子宮脱とは
骨盤の中にある膀胱や子宮、直腸などの臓器は、骨盤底筋群という筋肉や靭帯によって支えられています。この筋肉は、子宮などの臓器を固定したり、肛門や尿道を締めて漏れるのを防ぐ上で重要な役割を果たしています。そのため、骨盤底筋群の筋力が弱まることで支える力が弱まってしまうと、膀胱や子宮などの臓器が下がってしまうのです。このような状態のことを骨盤臓器脱や性器脱と呼んでいます。

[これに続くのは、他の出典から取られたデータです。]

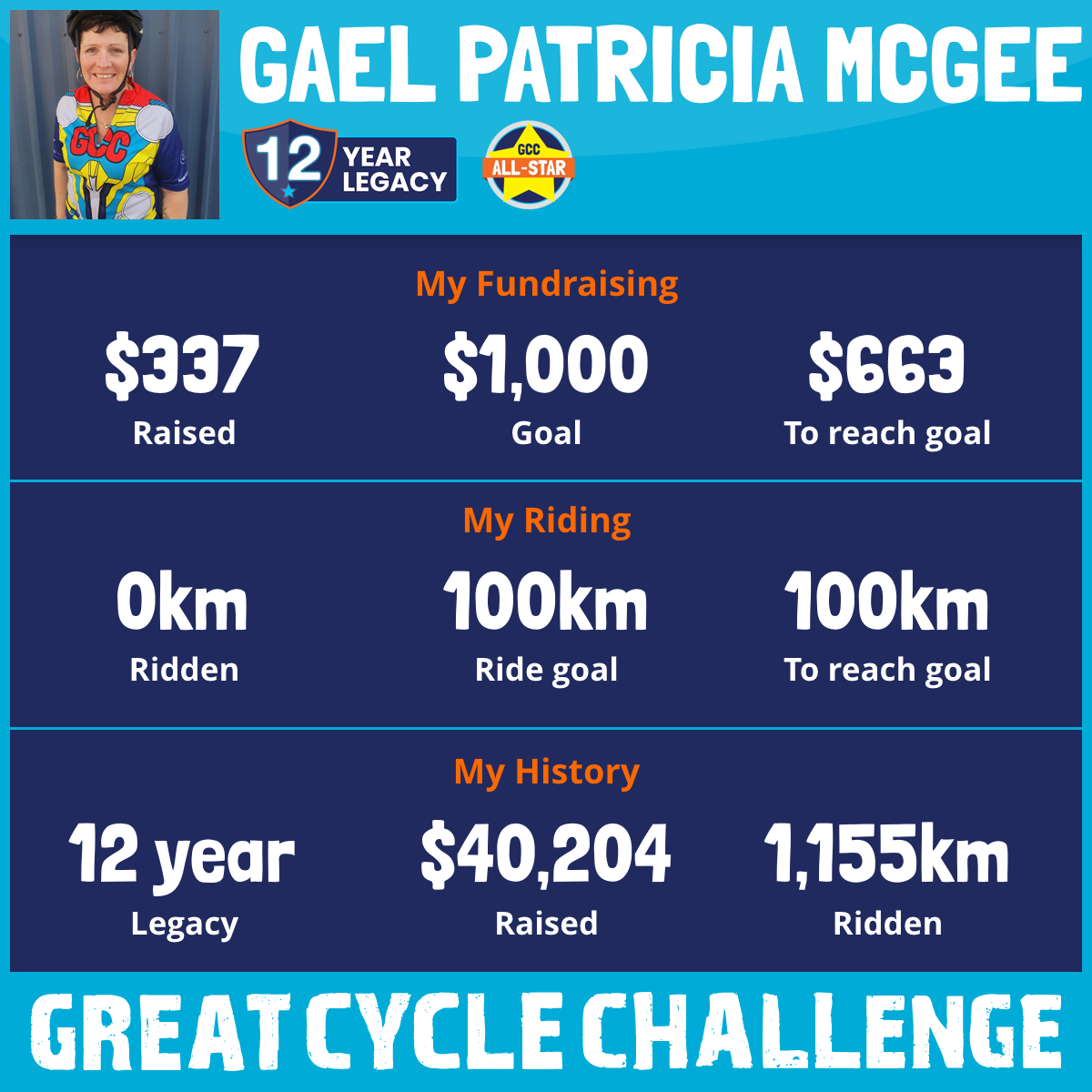 And so I am riding and raising funds to support the Children's Medical Research Institute to continue their work into the prevention, diagnosis, treatment and finding a cure for childhood cancer.

子宮脱は、性器脱の中でも特に子宮そのものが下がってきた状態です。下がり具合が軽度で子宮が腟の出口から飛び出てこないものを子宮下垂と呼び、腟の出口から子宮が飛び出てきてしまった状態を子宮脱と呼ぶことが一般的です。子宮は腟の壁とつながっているため、子宮が下がれば当然腟の壁もめくれたように外に飛び出てきます。また、前側の膀胱も一緒に下がってきて腟の外に飛び出てくると膀胱瘤、後ろ側の直腸が飛び出てくると直腸瘤という状態になります。
子宮脱相談を行っています
当クリニックでは、子宮脱の相談を行っています。よくある相談が、お風呂で腰かけると何かピンポン玉のようなものがお股に触れるという症状でいらっしゃいます。特に下記のような方は子宮下垂や子宮脱のリスクが高いと言われています。気になる方は一度ご相談にいらしてください。
- いつも便秘で強くいきんで排便している人
- 多産の人(3人以上産んでいる人)
- 大きな赤ちゃん(3500g以上)を産んだことがある人
- 重いものを持ち上げたり立ちっぱなしのことが多い人
子宮脱の治療について
子宮が完全に腟の外に飛び出てしまっていたり、尿もれや排尿困難などの症状がある方は治療が必要となります。骨盤底筋訓練法などを行って骨盤底筋を鍛える筋肉トレーニングもありますが、この方法では脱出してしまった子宮を元に戻すほどの効果は期待できません。そのため、通常はペッサリーの装着か手術のどちらかを選ぶことになります。最終的に手術を行うかどうかは、子宮脱の程度や症状、年齢、持病の有無など全身状態、患者様自身の希望を考慮して決めます。
ペッサリーの装着
ペッサリーの装着は、腟の中にドーナツ型のペッサリーを挿入し、下から子宮を支えて位置を元に戻す方法です。腟の広さや緩み具合に合わせてペッサリーの大きさを調整します。適切な大きさのものを装着すれば、異物感もなく、性交渉にも問題はありません。ただ、長期間入れっぱなしにしていると、おりものや出血が増えたり炎症を起こすことがあるので、定期的に病院で腟内の消毒やペッサリーの入れ替えを行う必要があります。